What fish teach us: food, meaning, and survival around the world
Fish are among humanity’s oldest foods. Long before agriculture, before borders and cuisines, people learned the tides, the seasons, and the movements of fish.
Over time, certain fish became more than nourishment. They became teachers. Around the world, fish foods carry meanings shaped by migration, danger, faith, scarcity, and return. They appear not just on plates, but at thresholds: holidays, fasts, reunions, and moments of survival. To eat these fish is often to rehearse a lesson about how to live.
The fish that return
Salmon is perhaps the clearest example. Born in rivers, lost to the ocean, and then—against all odds—returned home, salmon has become a global symbol of migration and homecoming.
Indigenous nations of the Pacific Northwest honor the first salmon of the year with ceremony, treating the fish as a relative who chooses to come back.
In Japan, grilled salmon marks the quiet rhythm of everyday life, its smell signaling that someone has come home.
In northern Europe, smoked and cured salmon reappears during long winters, a reminder that what nourishes us can endure absence.
Salmon teaches that return is possible, but not guaranteed. It depends on memory, care, and effort. It is a fragile promise.
The fish that endure
If salmon represents movement, cod represents staying power. For centuries, dried and salted cod fed coastal Europe and the North Atlantic world. It sustained sailors, monks, and the poor.
In Portugal, bacalhau is said to have hundreds of recipes—proof not of abundance, but of ingenuity under constraint.
Cod is the food of discipline. It reminds us that survival is often quiet, repetitive, and collective. You don’t celebrate cod; you rely on it.

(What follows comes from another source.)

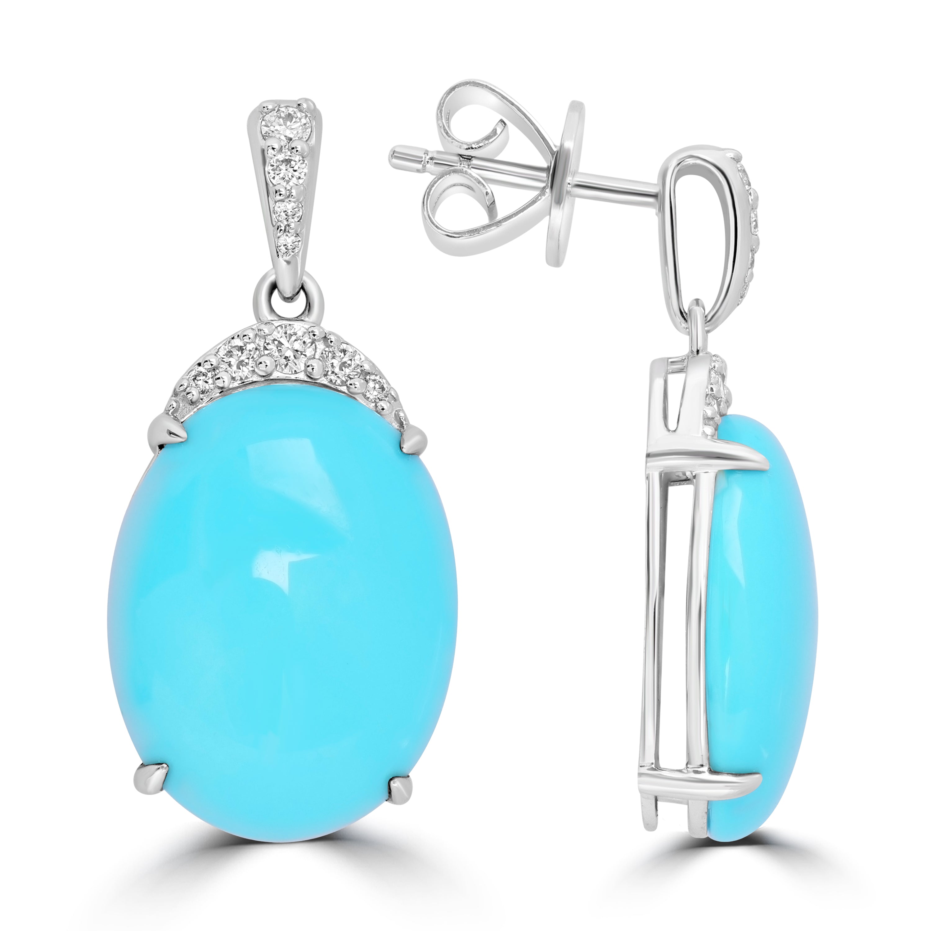 "10.73ct Turquoise Earrings with 0.212tct Diamond set in 14K White Gold"

Carp carries a similar lesson. Thriving in muddy ponds and cold waters, carp appears in Jewish Sabbath meals, Central European Christmas dinners, and Chinese legends of perseverance. It is bony, unfashionable, and persistent. Carp teaches survival without romance—the dignity of continuing when conditions are less than ideal.
The fish of the many
Herring and sardines arrive in great numbers, then vanish. Entire towns once rose and fell with their migrations. These fish are rarely eaten alone. They are pickled for festivals, grilled in streets, passed hand to hand. Their meaning lies in collectivity. Herring and sardines remind us that abundance is often shared or lost together. Prosperity, like a school of fish, is fragile and mobile.

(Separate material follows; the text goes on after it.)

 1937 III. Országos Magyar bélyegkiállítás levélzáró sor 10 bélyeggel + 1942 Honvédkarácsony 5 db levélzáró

Anchovies deepen this lesson. They dissolve into sauces and broths, forming the backbone of cuisines while remaining almost invisible. They represent the unnoticed labor that sustains families and cultures—the work that disappears into the whole.

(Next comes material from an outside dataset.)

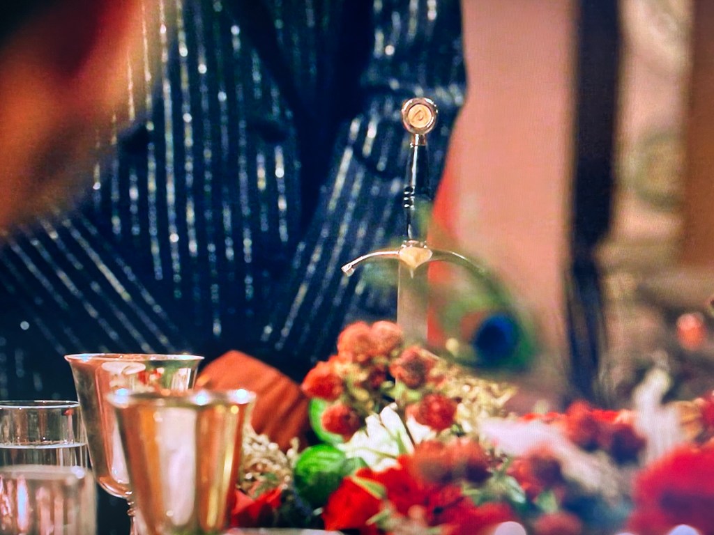 Claudia interrupts their stories. None of them are happy to see her. (Would you? She usually brings bad news.) She tells them they should be proud of themselves. There’s no murder, but the traitors will still be busy. She pulls out a dagger. It’s called the “ceremonial dagger”. She stabs the table with it.

The fish of risk and trust
Some fish ask more of us. Tuna, long revered for its power and size, now embodies the tension between admiration and excess. Once dangerous to catch and eaten seasonally, it has become global, commodified, and overfished. Tuna asks an uncomfortable question: what happens when reverence turns into appetite without restraint?
In Japan, pufferfish—fugu—takes this tension to its extreme. Deadly if prepared incorrectly, it can only be served by licensed chefs. Eating it is an act of trust. The pleasure is inseparable from risk. Fugu teaches that survival is sometimes social. We live because others do their work carefully.
The fish of identity and memory
Some fish become national or diasporic anchors. Milkfish in the Philippines is beloved, difficult to eat, and deeply missed by those who leave. Its many bones demand attentiveness, a bodily memory learned early. For migrants, craving milkfish is often a longing for a kind of knowledge that can’t be translated. Eels, slippery and elusive, occupy a darker space. Once common street food in London, still eaten in Japan for strength, eels remind us that not all nourishment is comfortable. Some survival stories are uneasy, even unsettling.
Why these meanings persist
Across cultures, fish foods return to the same human concerns: how to endure scarcity, how to face danger, how to come back after leaving, how to share what is fleeting, how to trust one another, how to remember who we are.
Fish live at the boundary between worlds—fresh and salt, land and sea, wild and domestic.
So do people.
Migration, climate change, industrial fishing, and globalization have only sharpened these meanings. When fish disappear, it is not only ecosystems that collapse, but stories and practices that once taught restraint, gratitude, and care. To eat fish thoughtfully is to participate in those lessons. Not as nostalgia, but as attention. Fish foods endure because they ask something of us—not just hunger, but humility. They remind us that survival is rarely solitary, that return requires care, and that what sustains us most deeply is often shaped by water, movement, and time.